Amadou dit vrai, et hélas ce petit livre laisse à la lecture une impression pour le moins troublante:
Rouhier est également un des personnages d'un curieux récit romancé de Teddy Legrand, Les sept têtes du dragon vert, paru en 1933 et que les éditions M.C.O.R. ont eu la bonne idée de refaire paraître, à tirage limité, en 2007.
Il y apparaît comme d'autres ésotéristes, tels que Sédir. Alexandre y est ce "pharmacien connu" qui a consacré un ouvrage fort bien fait au peyotl, objet depuis 1918, selon Legrand, de recherches scientifiques dans les laboratoires européens.
Dans ses Alchimiques mémoires de la revue La tourbe des philosophes (N°15-16, 1981), Eugène Canseliet précisera que comme Gaston Sauvage et Jules Boucher, Alexandre Rouhier (doctor Sabazius) travaillait au laboratoire Poulenc.
Ariane Touze, dans son catalogue 6 de la librairie ésotérique Le Songe de Polia (Librairie Dévotions de Fonteneilles, par Souppes sur Loing), affirme au printemps 2011 que "la thèse du docteur Rouhier sur le peyotl et son voyage au Nouveau Mexique furent financés par les laboratoires Poulenc.
Ce fut dans leurs locaux qu'il rencontra Gaston Sauvage et d'autres personnages que l'on retrouvera dans l'énigmatique société du "Grand Lunaire" souvent évoquée dans l'énigme Fulcanelli."
Mais laissons à Eugène Canseliet le mot de la fin de ce post. Dans Le feu du soleil, op.cit., il affirme:
"Alexandre Rouhier, Gaston Sauvage et Jules Boucher...entraînèrent, plus ou moins, ce pauvre Julien Champagne, dans une assez fâcheuse collaboration qui lui aliéna, sans espoir, la protection puissante de Fulcanelli."

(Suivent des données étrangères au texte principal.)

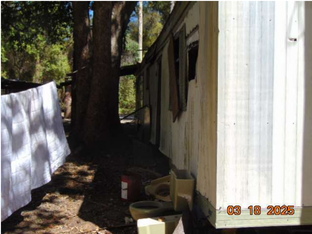
IMAGE DESCRIPTION 12:17 pm At 830 SE 159th Ter. Unsafe structure.
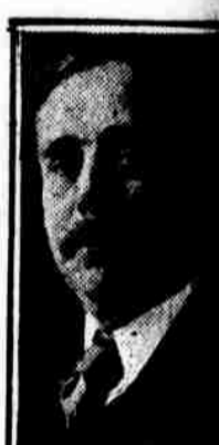
H. G. WELLS noted author slated for British Parliament
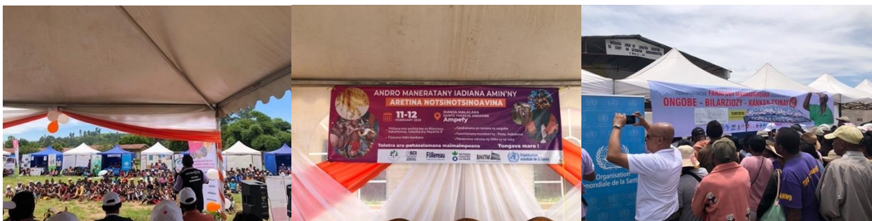
First Malagasy NTD day celebrations in Ampefy (11 February 2023). On the left: spectators waiting for the puppet show to begin. On the right: queue for free screening and treatment for NTDs

https://www.ncbi.nlm.nih.gov/pmc/articles/PMC10432657/pdf/bmjgh-2023-012598.pdf
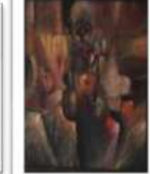
OBR-011718 AUTOR: JUAN BRAVO RD$40,000.00
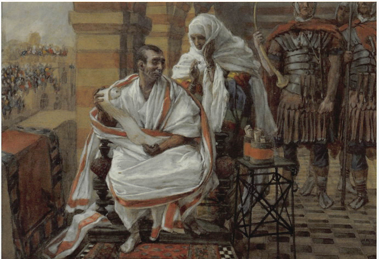
The Message of Pilate's Wife , James Tissot (1836-1902), Painting Cycle: The Life of Christ, Brooklyn Museum

Returning to the trial, Matthew reports that Pilate, believing Jesus to be innocent, bargains with the unruly crowd. "While he [Pilate] was seated on the judgment seat" (Matthew 27:19), in the midst of
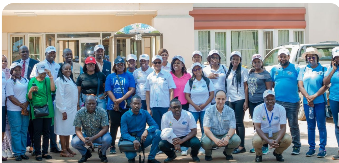
Veterinary Training in Zimbabwe

In 2023 the GISSA platform was ready for deployment pending: the decision on a name change from TISSA to GISSA, to reflect the addition of UNEP into the Quadripartite (thereby removing 'Tripartite' from the name); the integration of environment data into the system; and future governance and funding of the platform.
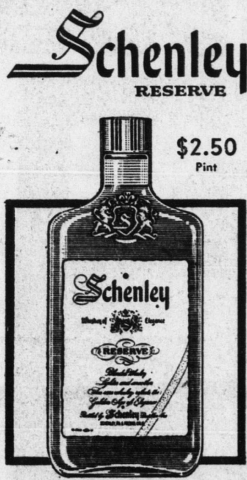
Blended Whisky, 86 Proof, 65% Grain Neutral Spirits, Schenley Dist., N.Y.C.
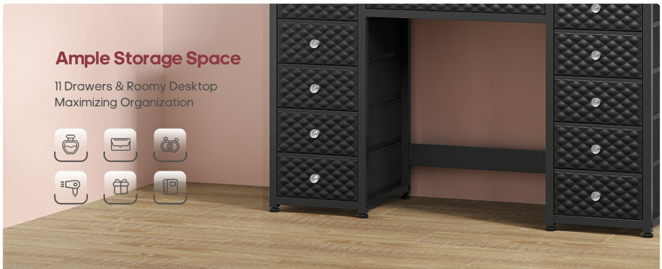
Image: An overhead view illustrating the vanity's desktop and the arrangement of its 11 drawers, highlighting ample and organized storage space.

Assemble the 11 drawers according to the instructions. The drawers feature a 4-layer construction for durability. Insert the assembled drawers into their designated slots. Attach the 6 open shelves to the mirror frame as shown in the diagrams.
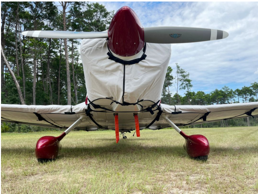
Bushby Mustang Complete Fuselage Cover with Detachable Wing Covers
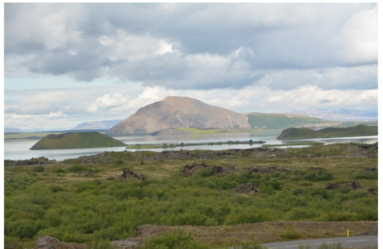
Then a last view of Mývatn before we depart.
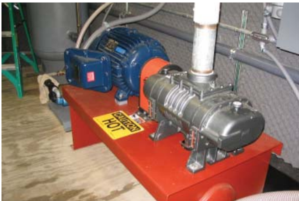
Figure 3: VER (also known as “bio-slurping”) is the application of a vacuum, or negative pressure, to a well and formation in order to enhance the liquid yield of that well by increasing the total net drawdown.

The use of VER systems on environmental remediation projects involves a modification to the approach used in classic dewatering systems. VER has been used as a standard approach toward dewatering and stabilizing low permeability aquifers, increasing the speed of dewatering more permeable aquifers, and enhancing oil recovery.
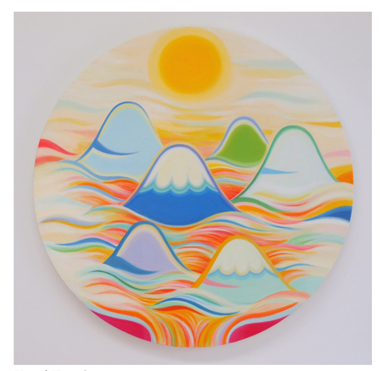
Kaori Tanaka Moonlight, Mountains, and Waters oil on canvas 60x60cm 2017

Yuna Ogino p 130917_1 oil on canvas 91x91cm 2017
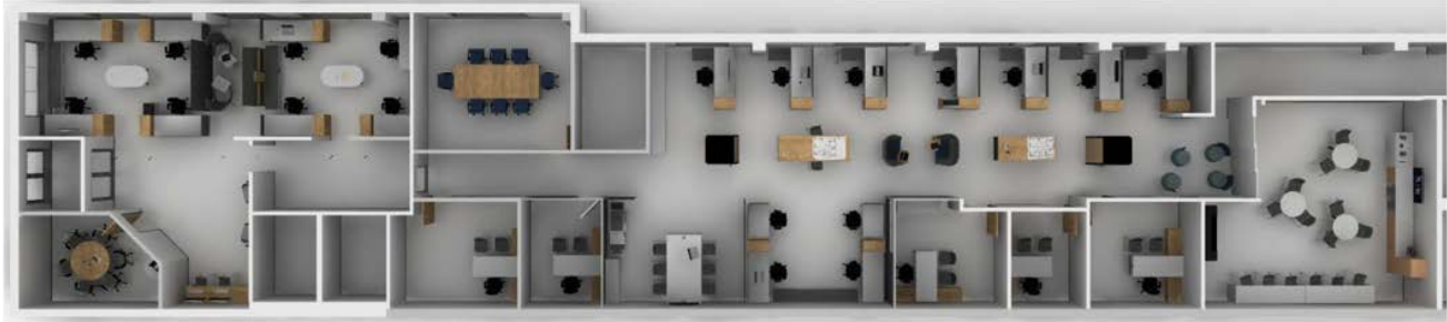
Floor Plan West
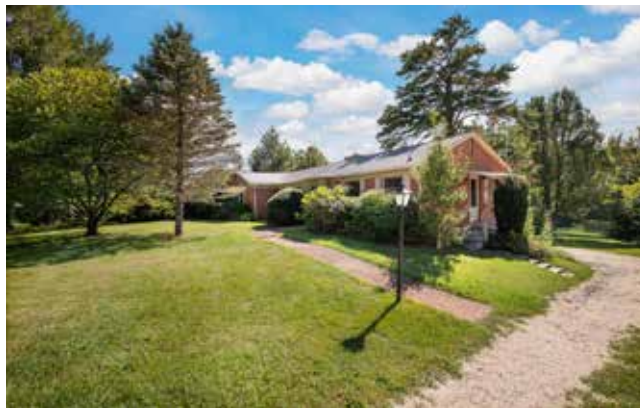
Plenty of Parking in Garage and Driveway
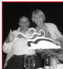
Newlywed Smiths in party mood.

Et à titre anecdotique mentionnons les dires de Gilette Ziegler dans son Histoire secrète de Paris (Stock,
1967). Pour elle le Très Haut Lunaire aurait été fondé en 1896 par un Américain, Aleister Crosby.
Le premier "pape" du T.H.L. aurait été un autre Américain, Albert Pike. Elle paraît considérer que cette
société était encore active au moment où elle écrivit son livre.